Polri membenarkan ada penggunaan gas air mata kedaluwarsa saat tragedi Kanjuruhan, Sabtu (1/10/2022) silam.
Kadiv Humas Polri Irjen Dedi Prasetyo mengatakan gas air mata kedaluwarsa justru kemampuannya akan menurun.
Polri menyebutkan 131 orang korban tewas dalam Tragedi Kanjuruhan disebabkan berdesak-desakan hingga terinjak-injak saat mencoba keluar saat kerusuhan terjadi di dalam Stadion Kanjuruhan Malang, Jawa Timur.
Kadiv Humas Polri Irjen Dedi Prasetyo mengatakan banyak korban mengalami kekurangan oksigen akibat berdesak-desakan hingga terinjak-injak.

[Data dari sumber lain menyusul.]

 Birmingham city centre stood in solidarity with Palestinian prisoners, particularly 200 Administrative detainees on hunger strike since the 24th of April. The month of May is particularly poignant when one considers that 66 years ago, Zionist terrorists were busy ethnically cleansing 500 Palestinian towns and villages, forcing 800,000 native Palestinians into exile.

Hal ini sekaligus membantah korban tewas karena gas air mata.
"Penyebab kematian adalah kekurangan oksigen, karena apa? terjadi berdesak-desakan, terinjak-injak, betumpuk-tumpukan mengakibatkan kekurangan oksigen di pada pintu 13, pintu 11, pintu 14, dan pintu 3. Ini yang jadi korbannya cukup banyak," kata Dedi di Kantornya, Jakarta Selatan, Senin (10/10/2022).

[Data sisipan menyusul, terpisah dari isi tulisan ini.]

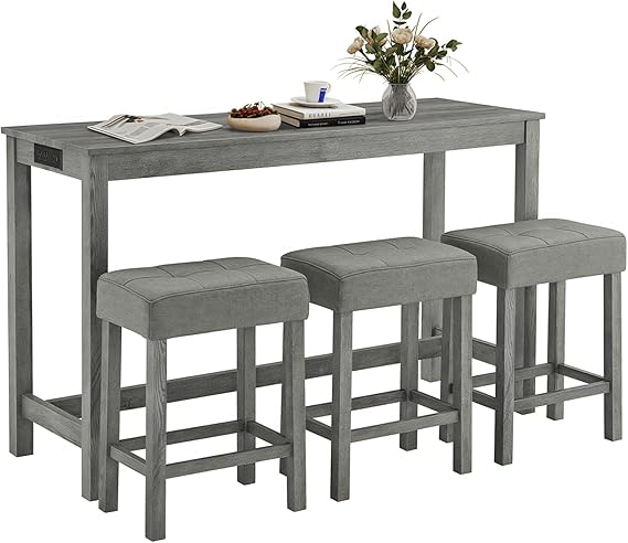 Kitchen Bar Table and Chairs Set, 4 Piece Bar Height Dining Table Set with Power Outlet and 3 Upholstered Stools Industrial Breakfast Nook, Small Space Living Room, Gray

Ia menyatakan panitia penyelenggara diduga tak mematuhi aturan keselamatan dan keamanan yang diatur FIFA.
Seharusnya, kata dia, panitia penyelenggara mengatur standar evakuasi jika terjadi kejadian yang tak diinginkan.
"Batas waktunya keluar itu tidak boleh lebih dari 10 menit, kalau misalnya lebih dari 10 menit pintu darurat itu tidak bisa difungsikan dengan baik akan terjadi fatalitas seperti halnya terjadi di Kanjuruhan," ungkapnya.
Lebih lanjut, Dedi menambahkan bahwa terdapat 8 pintu darurat atau pintu emergency yang bisa digunakan di Stadion Kanjuruhan. Namun, pintu itu justru tidak berfungsi dengan baik saat insiden kerusuhan pecah.
"Dari 8 pintu emergency seharusnya bisa difungsikan. Kalau itu bisa difungsikan maka jatuhnya korban bisa diminimalisir. Tapi ketika kejadian itu fungsi dari emergency exitnya itu tidak bisa berfungsi dengan baik tidak bisa dibuka itu yang betul-betul tidak kita harapkan," jelasnya.
Ke depan, kata Dedi, seharusnya ada kontrol dan audit sebelum melaksanakan pertandingan.
Dia bilang, seluruh regulasi mengenai keselamatan dan keamanan harus terlaksana.
"Ke depannya itu harus di kontrol harus diaudit semuanya sebelum pertandingan harus dipastikan di dalam regulasi ini semua pintu dijaga oleh stewach semua pintu harus dalam keadaan tidak boleh dikunci dan apabila difungsikan harus mampu semaksimal mungkin bisa mengeluarkan penonton dalam keadaan selamat," ucapnya.